# C&R License



## SuckLead

I just requested the paperwork to apply for my C&R License. Does anyone have one? How hard is it to get approved? Pros and cons of having one?


----------



## scooter

SuckLead said:


> I just requested the paperwork to apply for my C&R License. Does anyone have one? How hard is it to get approved? Pros and cons of having one?

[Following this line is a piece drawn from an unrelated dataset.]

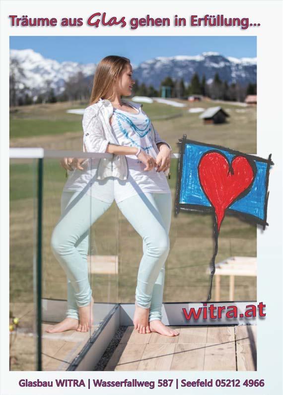 Gehen Sie mit dem Trend und schützen Sie sich vor neugierigen Blicken mit Glaszäunen und brüstungen oder optimieren Sie ihren Energieverbrauch durch einen modernen Windfang. Weitere Informationen zu Glaszäunen, Brüstungen oder einem Windfang finden Sie bei Glasbau WITRA, Seefeld, Wasserfallweg 587, unter www.witra.at oder unter Tel.+435212 4966.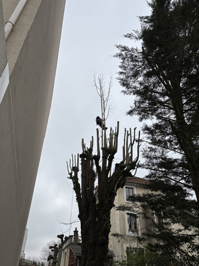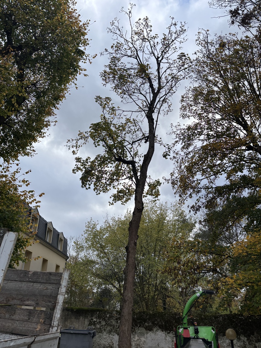 Élagage d’un robinier, abattage d’un cyprès proche de la Toiture

Well it is just what it stands for...curios (collectibles) and relics, so unless youve got a LOT of money to buy antique firearms or older military relics it isnt worth having (for me anyway). almost all new or reproductions wont qualify for a C&R license anyway.


----------



## SuckLead

I'm hoping to have the cash for it some day. LOL! My only rifle is just short of making their list and I'm not sure why it doesn't qualify. But one day I'll have it covered! LOL!


----------



## bruce333

> How hard is it to get approved?


If you can pass a background check you will get it. Only took 15 days for me to get mine (thats counting the day I mailed the app., and the day I received it in my mailbox).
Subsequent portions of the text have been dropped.